Der Satellit Tango in einer Entfernung von
sieben Meter vom Partnersatelliten Mango aus
gesehen.
Bild: SSC |
Am 15. März 2011 hat das Deutsche Raumfahrtkontrollzentrum (German Space
Operations Center, GSOC) des Deutschen Zentrums für Luft- und Raumfahrt
(DLR) in Oberpfaffenhofen den Betrieb der laufenden schwedischen
Satellitenmission PRISMA übernommen. Im Rahmen einer
bilateralen Vereinbarung erfolgte die Übergabe durch das schwedische
Raumfahrtunternehmen Swedish Space Corporation (SSC). Das DLR
erhält über einen Zeitraum von fünf Monaten die Missionsverantwortung
und die Möglichkeit für weiterführende Weltraumexperimente.

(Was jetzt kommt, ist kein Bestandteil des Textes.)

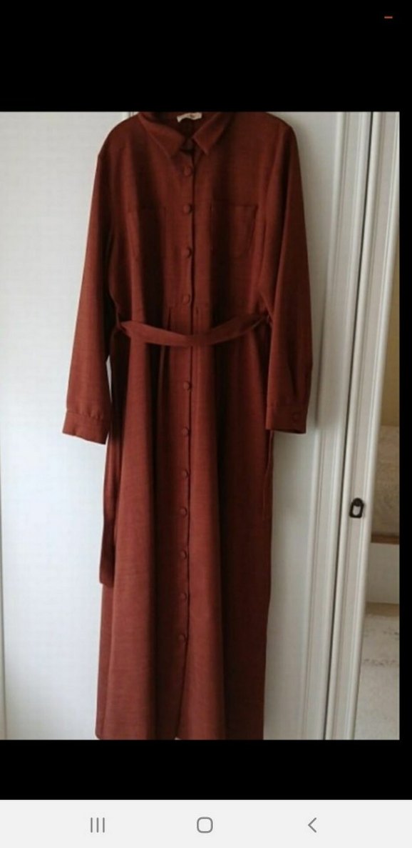 Bordo renkli, süet kumaştan yapılmış, uzun kollu ve notched lapel yakalı, kemerli, bol kesim uzun kadın elbisesi. Minimalist ve bohem tarzda, günlük kullanıma uygun.

Die Mission PRISMA wurde am 15. Juni 2010 gestartet und besteht aus den
beiden Satelliten Mango und Tango. Ziel der Mission
ist die Demonstration des autonomen Satelliten-Formationsflugs sowie die
Vorbereitung künftiger Inspektions- und Reparaturmissionen im Orbit (astronews.com
berichtete). "Wir sind ab sofort dafür zuständig, die Rahmenbedingungen
für den gesamten Missionsbetrieb zu gewährleisten. Dazu gehört die
Kontrolle des Bodenstationsnetzwerks, die Überwachung und Kommandierung
beider Satelliten und die Durchführung des Experimentprogramms", so Ralf
Faller, leitender PRISMA-Flugdirektor im Deutschen
Raumfahrtkontrollzentrum des DLR.
DLR-Antennen in Weilheim und die von SSC betriebenen Antennen in
Schweden bilden das Bodenstationsnetzwerk. Zehn Mal pro Tag übermitteln
die beiden PRISMA-Satelliten Mango und Tango ihre
Signale an die Empfangsstationen und erhalten von Oberpfaffenhofen aus
ihre neuen Kommandos. Insgesamt drei Teams regeln dort das
Flugbetriebssystem im Schichtbetrieb. Das Deutsche
Raumfahrtkontrollzentrum GSOC übernimmt die Aufgaben der kommenden
Monate mit der Erfahrung aus zahlreichen nationalen und internationalen
Satellitenmissionen. Die gezielte Vorbereitung fand im SSC
Operations Center in Stockholm statt.
Dennoch stellt der Betrieb von PRISMA eine besondere
Herausforderung für alle Beteiligten dar. Denn "PRISMA ist die
erste europäische Satellitenmission, die den autonomen Formationsflug in
Abständen zwischen 30 Kilometern und zwei Metern demonstriert", ergänzt
Faller. Der Hauptsatellit Mango und sein Partnersatellit
Tango umfliegen sich gegenseitig in immer wieder unterschiedlichen
Formationen während sie die Erde umrunden. Bahnkontrolle und Navigation
führen die Satelliten selbstständig aus. Der erste Schritt dazu
geschieht noch von der Erde aus: Die DLR-Wissenschaftler legen zunächst
eine Formation fest und kommandieren diese dann an den Mango-Satelliten.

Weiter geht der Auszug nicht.